They have failed to learn why Donald Trump was elected President in the first place. It is not because the Republican party became a cult of personality. In fact, most Trump voters cringe at his over-the-top personality and endless tweets. And it is not because most Trump voters are racists and sexists and misogynists. Most of the 74 million people who voted for Trump are good, hard-working Americans who love their fellow man regardless of race or gender. And they are not “deplorables”, “clinging to their guns and bibles”, either. 
Trump voters love Trump simply because Trump loves them. And that was the first time in a long time that many of these voters could say that about a Presidential candidate.
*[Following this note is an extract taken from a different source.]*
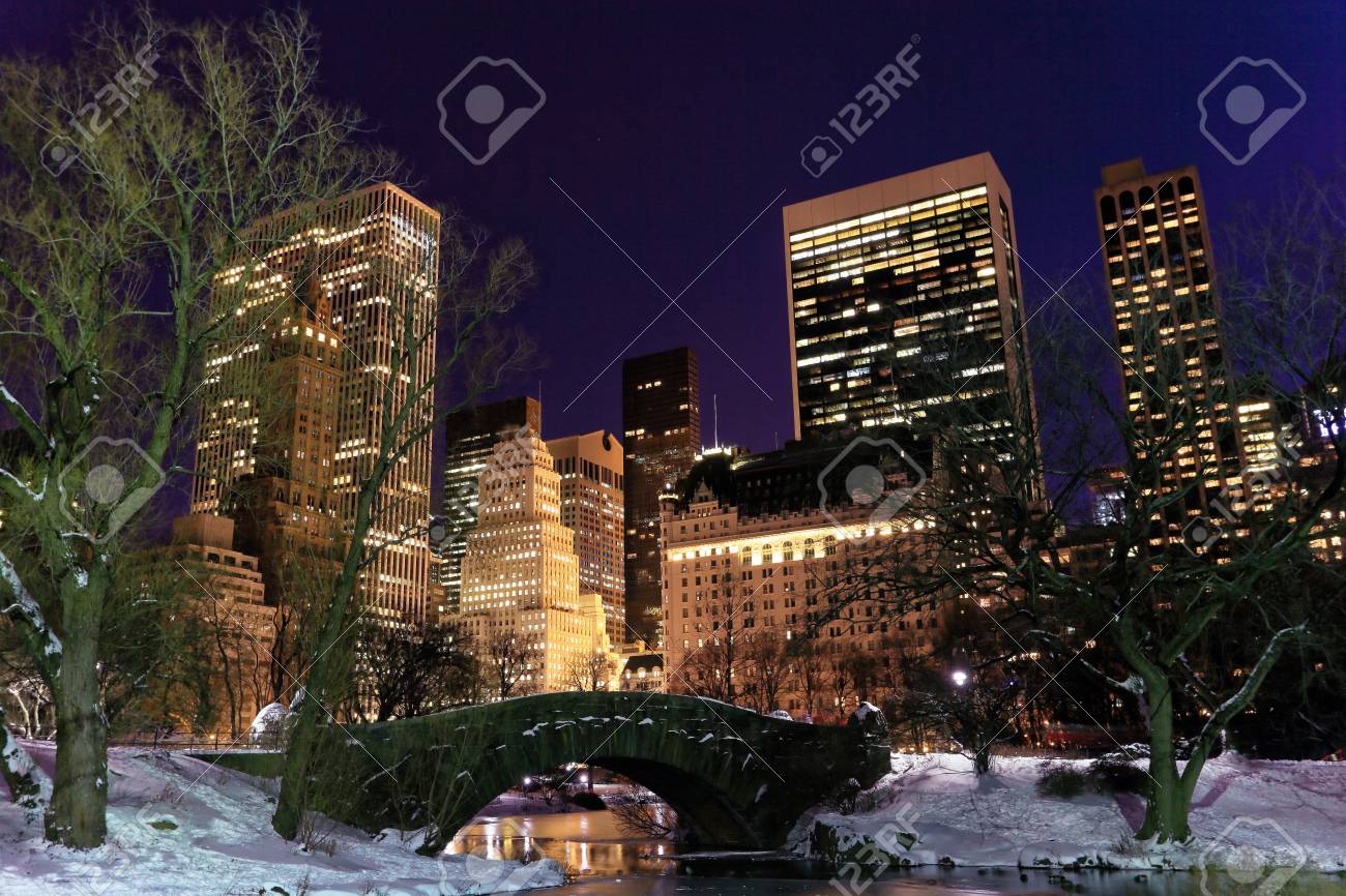 夜のセントラルパーク、ニューヨークの冬景色の写真素材・画像素材 Image 86549936。

When Trump said, “put America first”, he was saying put Americans first, put the hardworking middle-class Americans first, the forgotten Americans who only show up on Presidential political radar screens for about 6 months every 4 years, only to be ignored, condescended to or even chided by the very politicians they voted for, until the next election cycle. 
The Trump voters are average hard-working Americans who simply want an opportunity to work and support their families. They want a chance at the American dream by having a President who cares about them and puts their country’s interests first. Trump was not going to sell out their jobs, their livelihoods, their existence to foreign interests and corporate billionaires. He was not going to disrespect or discredit their belief system, their values, and lifestyles in favor of the elitist pseudo-moralistic self-aggrandizing “woke” culture.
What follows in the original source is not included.